Olympics reach a festive ending with closing ceremonies
LONDON - A fun, festive and fast-moving Olympic closing ceremony got off to a rocking start Sunday with a shout-out to Winston Churchill and a celebration of the Union Jack.
Pop bands Madness, Pet Shop Boys and One Direction kicked off a star-studded extravaganza that promised to keep a worldwide audience entertained well into the night — and dancing all the way to Rio.
Just a few minutes in, the show, put together by artistic director Kim Gavin, already featured a sensory blast including rock 'n roll rickshaws, dustbin percussionists and an exploding yellow car and a marching band in red tunics.
There was also a pageant of monochrome recreations of London landmarks covered in newsprint, from Big Ben's clocktower and Tower Bridge to the London Eye ferris wheel and the chubby highrise known as the Gherkin.
And there was much, much more to come.
The Who, the surviving members of Queen and the Spice Girls were expected to take the stage at a heaving Olympic Stadium during the three-hour paean to British pop, as well as to the country's triumphant turn hosting the games.
But perhaps the best seats in the house were for the 10,800 athletes, set to march in as one and form what Gavin has described as a human mosh pit on the field. The ceremony had something for everyone, from tween girls to 1960s hippies. George Michael, Muse, Fatboy Slim, and Annie Lennox were all expected to perform.
Queen Elizabeth II, who made a memorable mock parachute entrance at the July 27 opening ceremony, was also expected to be on hand.
Eight minutes have been turned over to Brazil, host of the 2016 Games in Rio de Janeiro, which promises an explosion of samba, sequins and Latin cool. Following tradition, the mayor of London will hand the Olympic flag off to his Rio counterpart.
There will also be speeches by Rogge and London organizing committee chief Sebastian Coe, and the extinguishing of the Olympic flame.

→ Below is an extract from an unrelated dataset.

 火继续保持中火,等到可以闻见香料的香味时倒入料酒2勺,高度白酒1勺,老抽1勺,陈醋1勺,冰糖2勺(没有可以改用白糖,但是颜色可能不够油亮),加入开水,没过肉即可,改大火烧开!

What a way to end a games far more successful than many Londoners expected. Security woes were overcome, and traffic nightmares never materialized. The weather held up, more or less, and British athletes overachieved. It all came at a price tag of $14 billion dollars, three times the original estimate. But nobody wanted to spoil the fun with such mundane concerns, at least not tonight.
Britons, who had fretted for weeks that the games would become a fiasco, were buoyed by their biggest medal haul since 1908. The United States edged China in both the gold medal and total medal standings, eclipsing its best-ever performance at an Olympics on foreign soil after the Dream Team narrowly held off Spain in basketball for the country's 46th gold.

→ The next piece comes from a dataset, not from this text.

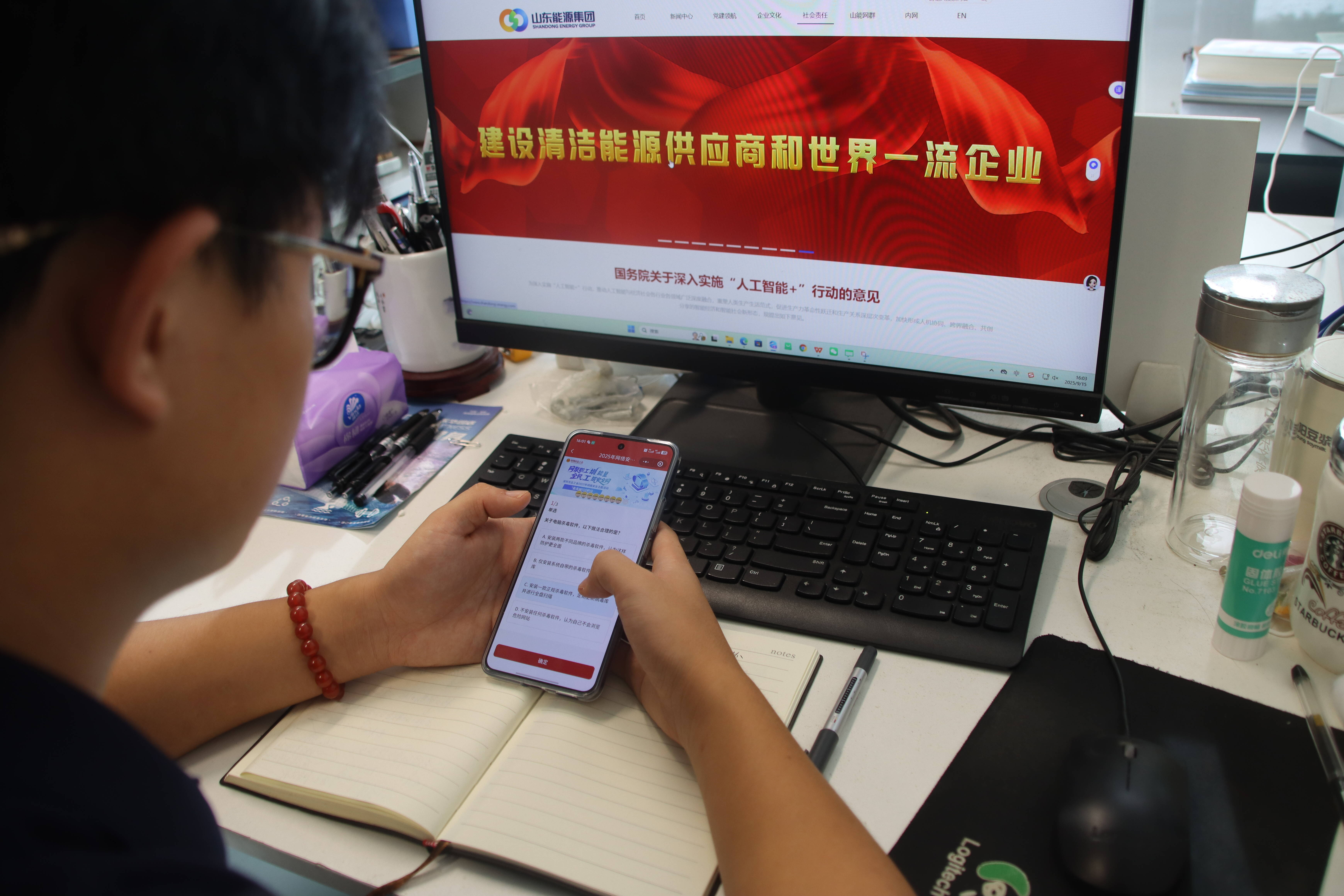 图为员工参与线上答题活动

"It's been an incredible fortnight," said Coe, an Olympic champion in his own right.
While the games may have lacked some of the drama and grandeur of the Beijing Olympics in 2008, there were many unforgettable moments.
Jamaican sprinter Usain Bolt became an Olympic legend by repeating as champion in both the 100-meter and 200-meter sprints. Michael Phelps ended his long career as the most decorated Olympian in history.

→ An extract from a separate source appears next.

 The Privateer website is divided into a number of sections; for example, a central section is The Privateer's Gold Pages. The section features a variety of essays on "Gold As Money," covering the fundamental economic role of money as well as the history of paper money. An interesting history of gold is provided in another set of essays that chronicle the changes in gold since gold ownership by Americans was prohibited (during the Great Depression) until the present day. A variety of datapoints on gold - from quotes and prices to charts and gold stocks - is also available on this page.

British distance runner Mo Farah became a national treasure by sweeping the 5,000- and 10,000-meter races, and favorite daughter Jessica Ennis became a global phenomenon with her victory in the heptathlon.
Female athletes took center stage in a way they never had before. American gymnast Gabby Douglas soared to gold, the U.S. soccer team made a dramatic march to the championship. Packed houses turned out to watch the new event of women's boxing. And women competed for Saudi Arabia, Qatar and Brunei for the first time.
And then there was Oscar Pistorious, the double-amputee from South Africa running on carbon-fiber blades, who didn't win a medal but nonetheless left a champion. And sprinter Manteo Mitchell, who completed his leg of the 4x400 relay semifinal on a broken leg, allowing his team to qualify and win silver.
"It was a dream for a sports-lover like me," Rogge said of the two weeks of competition.
Coe said the closing ceremony didn't aim to be profound, not even the irreverent romp through British history offered by Danny Boyle's $42 million spectacle on opening night.
The theme for the close, Coe said, could be summed up in three words. "Party. Party. Party."
London organizers tried to keep the ceremony under wraps, but photographs of their rehearsals, in an old car plant in east London, made the British papers almost daily.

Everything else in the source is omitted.